Q: I’m 24, and my boyfriend and I have been dating for five months. We are so in love, and we want to spend every moment we can together. Even though we have nasty fights, we always make up (and it’s true what they say about makeup sex!). I have never been happier, but my friends just won’t get on board. They say that he is controlling and that I never spend time with them anymore, but my boyfriend says that they are just jealous. I am stuck in the middle and I don’t know what to do. Help!
A: It sounds to me like there is a lot going on here. First, you and your new boyfriend are deep in attachment phase, meaning that there are all kinds of hormones impacting each of your moods and behaviors. It is an exciting time, but it can also be tumultuous. You mention that you have numerous fights and then amazing makeup sex, and it sounds like a pattern that many newly dating couples can relate to. However, it is a red flag that you describe the fights as “nasty” and that your friends aren’t on board with this new guy.
While arguments are natural in any relationship, no fight should ever escalate into threatening or violent territory. There are many different kinds of abuse, including emotional abuse: Name-calling, manipulation tactics, and demeaning language fall into that category. If arguments with your partner leave you feeling worthless, insecure, and completely alone, then that is a sign your fights could be more than just nasty. They could be abusive.
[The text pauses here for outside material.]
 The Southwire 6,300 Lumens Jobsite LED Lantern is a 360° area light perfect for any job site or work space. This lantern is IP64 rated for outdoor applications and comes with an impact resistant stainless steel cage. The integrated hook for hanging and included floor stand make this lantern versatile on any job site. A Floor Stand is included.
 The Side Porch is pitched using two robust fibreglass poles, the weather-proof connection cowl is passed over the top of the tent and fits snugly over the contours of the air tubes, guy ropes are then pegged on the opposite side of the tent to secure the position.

The fact that your friends aren’t on board with him could suggest that they see something that you don’t. Some abusive partners even use this as a tactic to further control and manipulate their significant others. By driving a wedge between a love interest and the friends and family, a controlling partner can ensure that his mate is completely isolated and his to control. Of course, that isn’t necessarily the issue here. You need to think it through. It could just be that your boyfriend and friends got off to a bad start and now they are reacting to one another’s negative energy.
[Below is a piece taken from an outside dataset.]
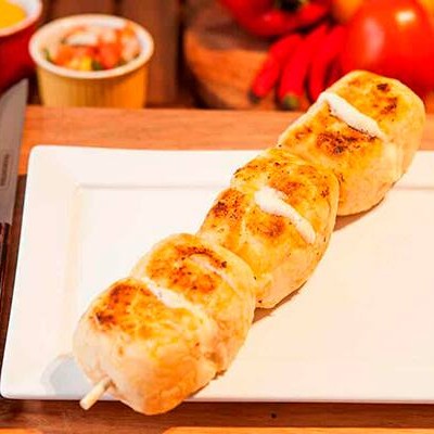 Espeto De Aipim Com Alho Poró E Queijo Provolone

The best thing you can do right now if you think things simply got off on the wrong foot is to try to help mend those fences. You can start by spending more time with your friends. You mention that you spend every waking moment with your partner, which can be frustrating for your friends, especially if you are blowing them off and missing special events like birthdays or graduations. And try to initiate a few group events as well so that they can see your boyfriend and you together as a couple. When they see how tight-knit and in love you are, they might come around and start to see what you see when you look at him.
Last but not least, make sure not to bad-mouth your boyfriend to your pals, or vice versa. If you are constantly sharing negative information about your boyfriend, your friends will likely have a hard time seeing any good in your new guy, and the same is true if you are always gossiping about your friends as well. Instead, talk them up and focus on the positive. Good luck!